#### Activity:
The answer is the exact run of lines in the listing below from the line containing "Przeznaczona do dekoracyjnego" up to and including the line containing "他の方々の絵を見ていると、パ", with pictures removed.

#### Input data:
- Opening Delimiter -

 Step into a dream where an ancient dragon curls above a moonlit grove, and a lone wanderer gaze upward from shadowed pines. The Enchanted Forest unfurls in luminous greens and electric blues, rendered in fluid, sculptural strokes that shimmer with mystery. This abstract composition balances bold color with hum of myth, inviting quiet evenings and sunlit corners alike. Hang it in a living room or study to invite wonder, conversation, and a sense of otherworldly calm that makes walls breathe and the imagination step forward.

- Closing Delimiter -
- Opening Delimiter -

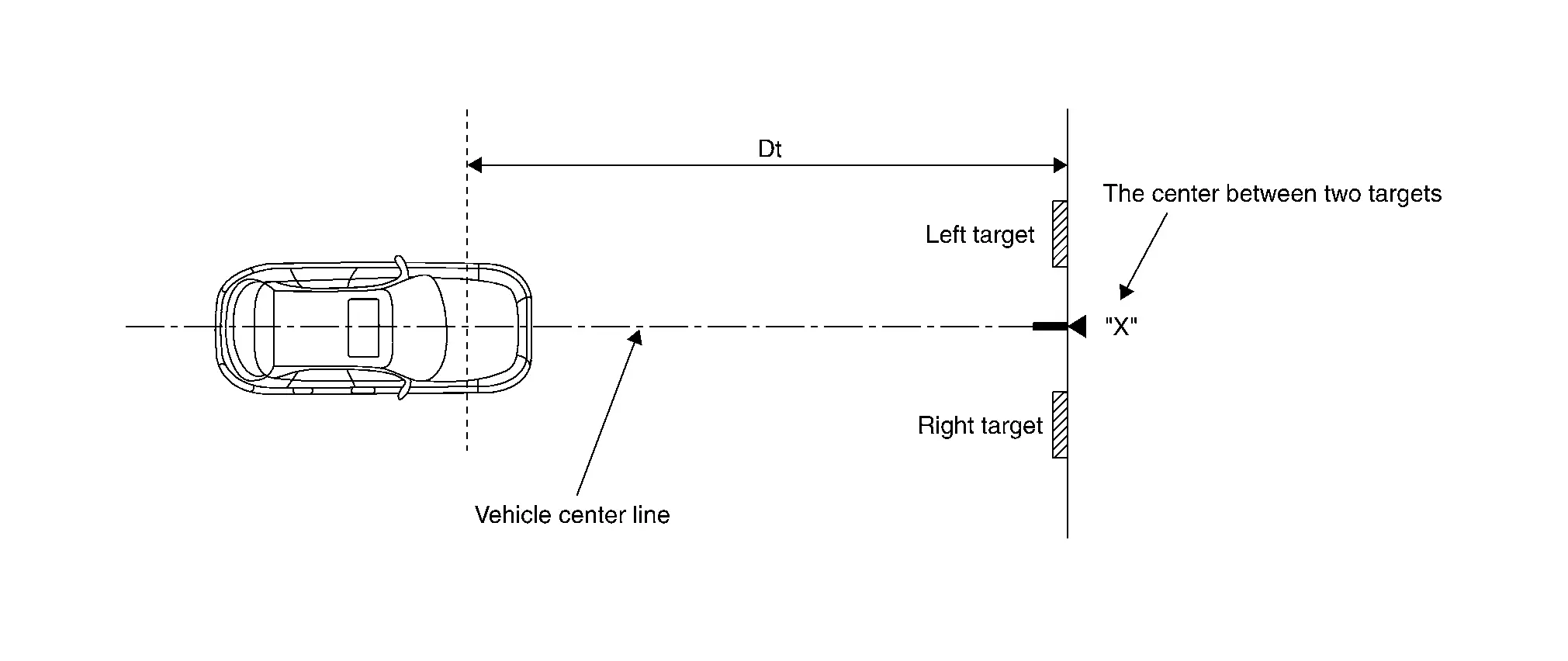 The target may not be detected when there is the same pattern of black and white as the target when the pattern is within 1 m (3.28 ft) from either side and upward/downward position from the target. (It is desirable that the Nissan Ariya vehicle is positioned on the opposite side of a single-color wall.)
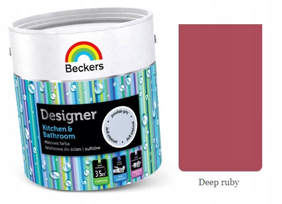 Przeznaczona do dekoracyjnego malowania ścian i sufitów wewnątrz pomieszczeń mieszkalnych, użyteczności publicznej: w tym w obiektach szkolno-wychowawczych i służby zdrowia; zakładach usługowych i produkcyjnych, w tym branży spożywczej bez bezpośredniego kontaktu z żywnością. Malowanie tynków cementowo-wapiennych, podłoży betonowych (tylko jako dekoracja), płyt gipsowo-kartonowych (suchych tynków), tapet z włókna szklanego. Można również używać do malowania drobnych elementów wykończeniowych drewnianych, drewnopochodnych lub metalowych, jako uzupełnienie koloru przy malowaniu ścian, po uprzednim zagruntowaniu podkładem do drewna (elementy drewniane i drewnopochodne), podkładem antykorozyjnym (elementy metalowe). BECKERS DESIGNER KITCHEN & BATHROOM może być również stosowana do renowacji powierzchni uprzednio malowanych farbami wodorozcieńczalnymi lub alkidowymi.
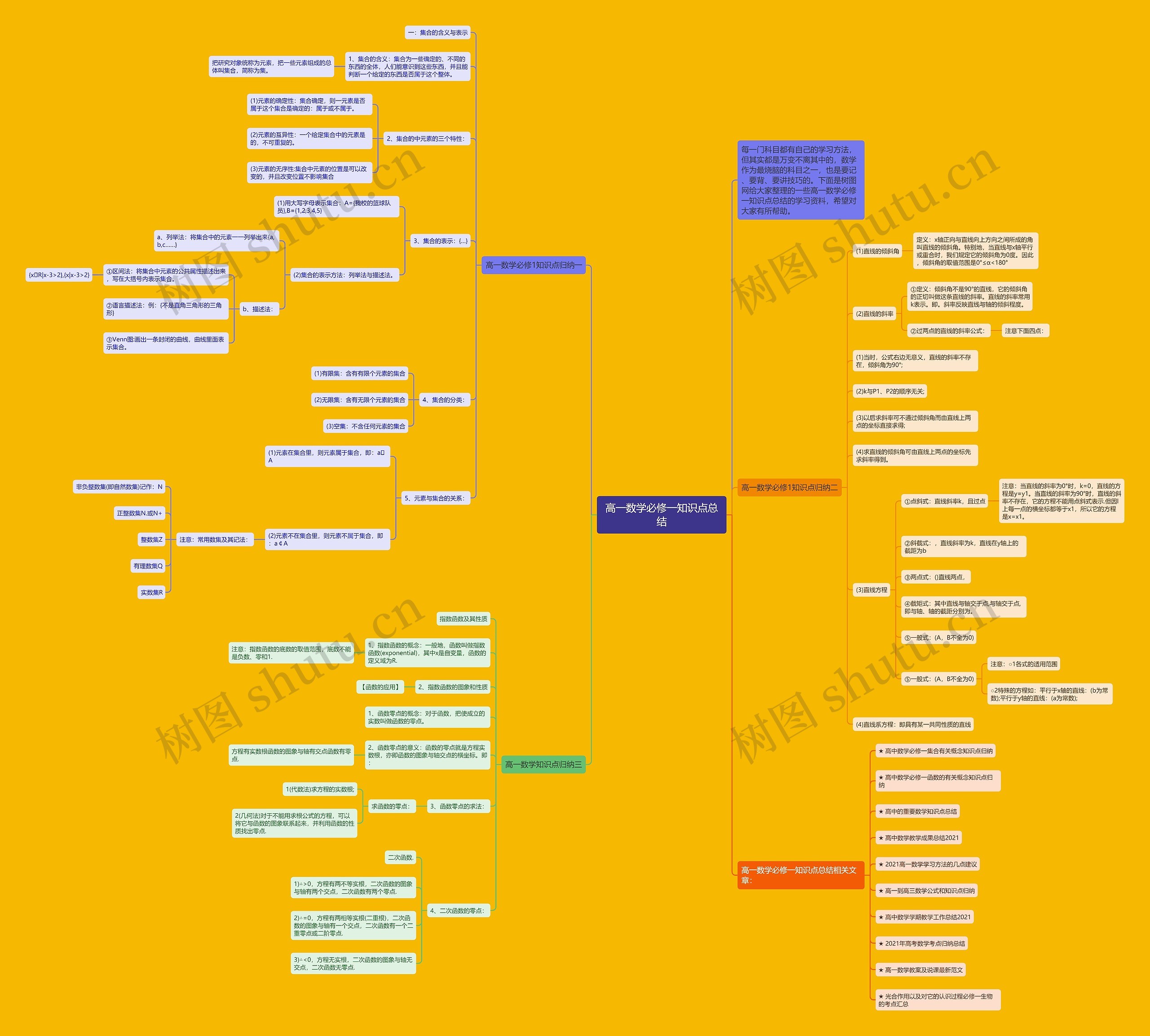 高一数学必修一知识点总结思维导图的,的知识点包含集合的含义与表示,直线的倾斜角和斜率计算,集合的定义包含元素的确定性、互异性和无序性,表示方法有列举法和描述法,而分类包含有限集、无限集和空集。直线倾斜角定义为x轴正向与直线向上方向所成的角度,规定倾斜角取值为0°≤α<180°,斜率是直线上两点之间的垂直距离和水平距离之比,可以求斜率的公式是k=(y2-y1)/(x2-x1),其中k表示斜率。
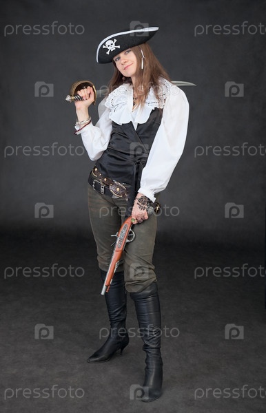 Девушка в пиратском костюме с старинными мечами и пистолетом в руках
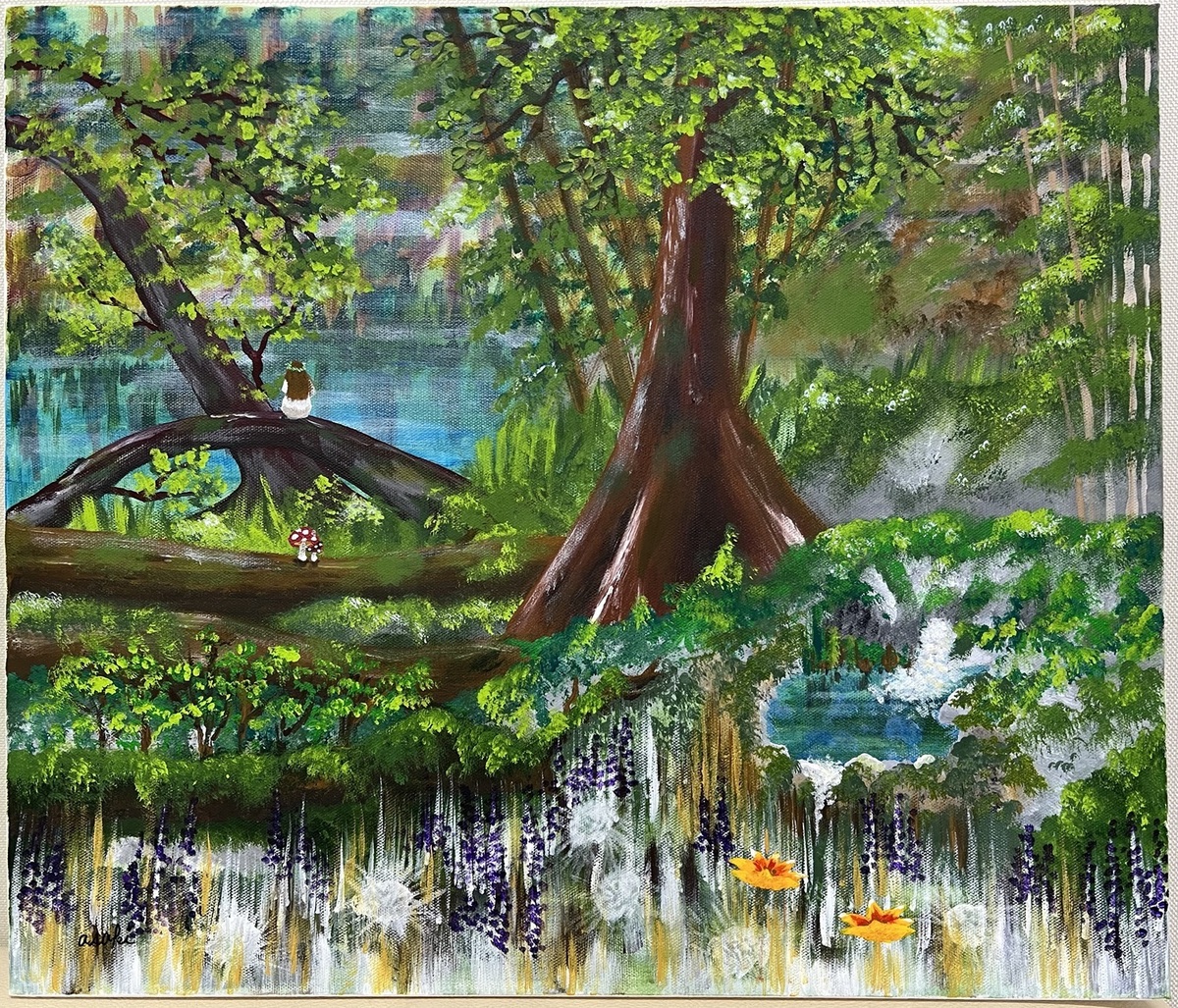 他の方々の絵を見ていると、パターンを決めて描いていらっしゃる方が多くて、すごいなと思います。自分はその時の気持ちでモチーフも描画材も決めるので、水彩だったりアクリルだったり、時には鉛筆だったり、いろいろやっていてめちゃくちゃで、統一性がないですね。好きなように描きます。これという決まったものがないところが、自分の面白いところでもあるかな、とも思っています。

- Closing Delimiter -
- Opening Delimiter -

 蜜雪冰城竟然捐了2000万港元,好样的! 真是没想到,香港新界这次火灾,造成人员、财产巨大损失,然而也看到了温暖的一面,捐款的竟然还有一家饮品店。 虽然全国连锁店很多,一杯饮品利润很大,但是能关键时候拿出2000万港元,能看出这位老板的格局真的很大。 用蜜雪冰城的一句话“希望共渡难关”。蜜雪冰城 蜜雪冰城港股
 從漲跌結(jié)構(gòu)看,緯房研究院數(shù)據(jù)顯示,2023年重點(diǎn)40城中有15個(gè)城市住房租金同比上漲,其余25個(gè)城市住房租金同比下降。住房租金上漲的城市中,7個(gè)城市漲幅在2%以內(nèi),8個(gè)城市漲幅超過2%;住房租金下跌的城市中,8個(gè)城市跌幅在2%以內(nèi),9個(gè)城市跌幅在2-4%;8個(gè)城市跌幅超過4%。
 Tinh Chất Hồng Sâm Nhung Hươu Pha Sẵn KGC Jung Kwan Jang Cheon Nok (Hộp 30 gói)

- Closing Delimiter -

#### Expected answer:
 Przeznaczona do dekoracyjnego malowania ścian i sufitów wewnątrz pomieszczeń mieszkalnych, użyteczności publicznej: w tym w obiektach szkolno-wychowawczych i służby zdrowia; zakładach usługowych i produkcyjnych, w tym branży spożywczej bez bezpośredniego kontaktu z żywnością. Malowanie tynków cementowo-wapiennych, podłoży betonowych (tylko jako dekoracja), płyt gipsowo-kartonowych (suchych tynków), tapet z włókna szklanego. Można również używać do malowania drobnych elementów wykończeniowych drewnianych, drewnopochodnych lub metalowych, jako uzupełnienie koloru przy malowaniu ścian, po uprzednim zagruntowaniu podkładem do drewna (elementy drewniane i drewnopochodne), podkładem antykorozyjnym (elementy metalowe). BECKERS DESIGNER KITCHEN & BATHROOM może być również stosowana do renowacji powierzchni uprzednio malowanych farbami wodorozcieńczalnymi lub alkidowymi.
 高一数学必修一知识点总结思维导图的,的知识点包含集合的含义与表示,直线的倾斜角和斜率计算,集合的定义包含元素的确定性、互异性和无序性,表示方法有列举法和描述法,而分类包含有限集、无限集和空集。直线倾斜角定义为x轴正向与直线向上方向所成的角度,规定倾斜角取值为0°≤α<180°,斜率是直线上两点之间的垂直距离和水平距离之比,可以求斜率的公式是k=(y2-y1)/(x2-x1),其中k表示斜率。
 Девушка в пиратском костюме с старинными мечами и пистолетом в руках
 他の方々の絵を見ていると、パターンを決めて描いていらっしゃる方が多くて、すごいなと思います。自分はその時の気持ちでモチーフも描画材も決めるので、水彩だったりアクリルだったり、時には鉛筆だったり、いろいろやっていてめちゃくちゃで、統一性がないですね。好きなように描きます。これという決まったものがないところが、自分の面白いところでもあるかな、とも思っています。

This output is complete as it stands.